Exercise material Start Marker

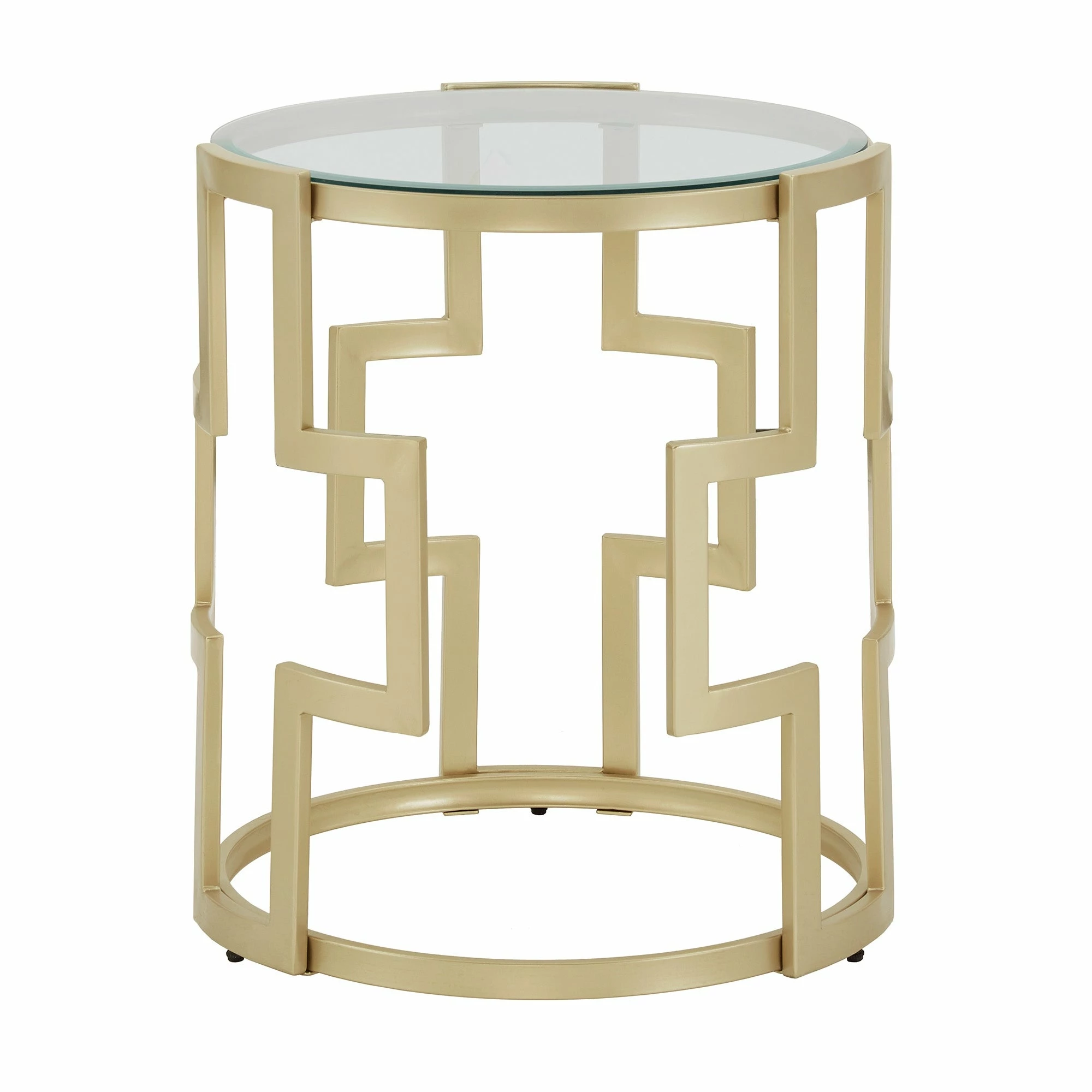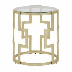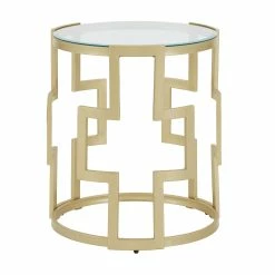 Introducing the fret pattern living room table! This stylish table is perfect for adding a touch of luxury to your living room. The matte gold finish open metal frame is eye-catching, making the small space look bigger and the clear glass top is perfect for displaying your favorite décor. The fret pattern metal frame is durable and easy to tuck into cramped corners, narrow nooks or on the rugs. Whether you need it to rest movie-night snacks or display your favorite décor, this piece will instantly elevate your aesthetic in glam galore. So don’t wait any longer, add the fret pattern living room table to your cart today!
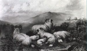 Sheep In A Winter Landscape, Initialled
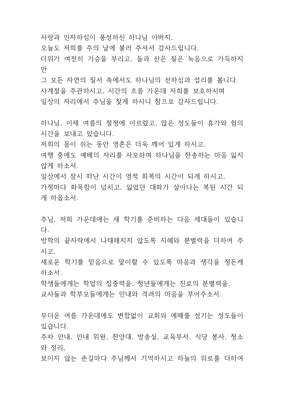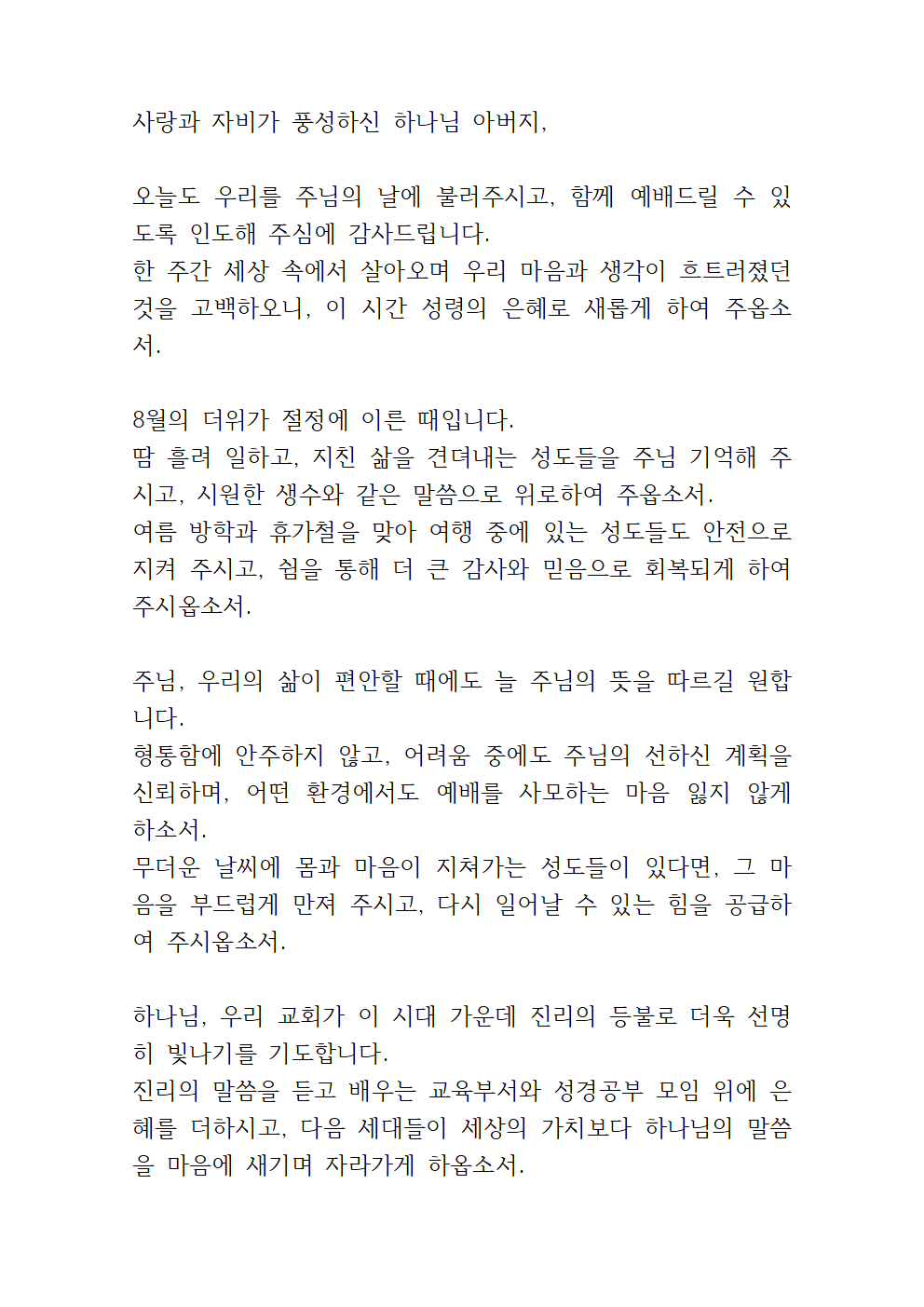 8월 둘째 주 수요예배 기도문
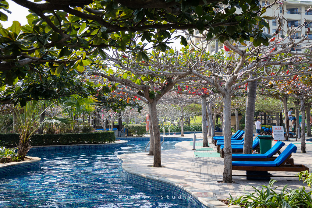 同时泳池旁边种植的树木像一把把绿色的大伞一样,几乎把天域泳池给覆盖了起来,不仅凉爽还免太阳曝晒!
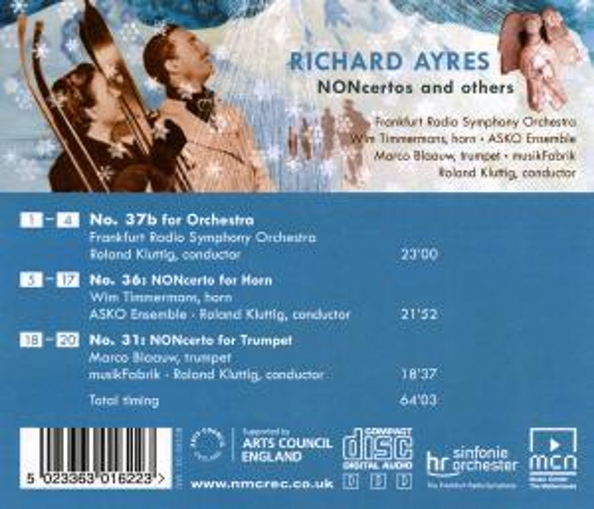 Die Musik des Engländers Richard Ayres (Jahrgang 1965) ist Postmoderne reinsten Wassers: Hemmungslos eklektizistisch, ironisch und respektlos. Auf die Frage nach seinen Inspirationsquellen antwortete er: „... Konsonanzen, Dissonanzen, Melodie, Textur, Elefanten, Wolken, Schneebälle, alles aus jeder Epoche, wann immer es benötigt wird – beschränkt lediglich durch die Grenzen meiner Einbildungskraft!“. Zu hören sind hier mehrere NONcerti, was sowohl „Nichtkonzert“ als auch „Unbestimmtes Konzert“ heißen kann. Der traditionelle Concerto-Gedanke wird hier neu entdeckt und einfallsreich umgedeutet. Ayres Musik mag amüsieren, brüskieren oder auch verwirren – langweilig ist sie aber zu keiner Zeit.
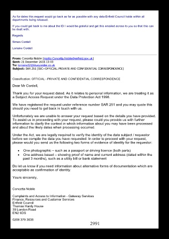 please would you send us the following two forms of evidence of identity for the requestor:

Exercise material End Marker

**Task directions:**
Give the data above again, exactly, with every picture removed.

**Written answer:**
 Introducing the fret pattern living room table! This stylish table is perfect for adding a touch of luxury to your living room. The matte gold finish open metal frame is eye-catching, making the small space look bigger and the clear glass top is perfect for displaying your favorite décor. The fret pattern metal frame is durable and easy to tuck into cramped corners, narrow nooks or on the rugs. Whether you need it to rest movie-night snacks or display your favorite décor, this piece will instantly elevate your aesthetic in glam galore. So don’t wait any longer, add the fret pattern living room table to your cart today!
 Sheep In A Winter Landscape, Initialled
 8월 둘째 주 수요예배 기도문
 同时泳池旁边种植的树木像一把把绿色的大伞一样,几乎把天域泳池给覆盖了起来,不仅凉爽还免太阳曝晒!
 Die Musik des Engländers Richard Ayres (Jahrgang 1965) ist Postmoderne reinsten Wassers: Hemmungslos eklektizistisch, ironisch und respektlos. Auf die Frage nach seinen Inspirationsquellen antwortete er: „... Konsonanzen, Dissonanzen, Melodie, Textur, Elefanten, Wolken, Schneebälle, alles aus jeder Epoche, wann immer es benötigt wird – beschränkt lediglich durch die Grenzen meiner Einbildungskraft!“. Zu hören sind hier mehrere NONcerti, was sowohl „Nichtkonzert“ als auch „Unbestimmtes Konzert“ heißen kann. Der traditionelle Concerto-Gedanke wird hier neu entdeckt und einfallsreich umgedeutet. Ayres Musik mag amüsieren, brüskieren oder auch verwirren – langweilig ist sie aber zu keiner Zeit.
 please would you send us the following two forms of evidence of identity for the requestor:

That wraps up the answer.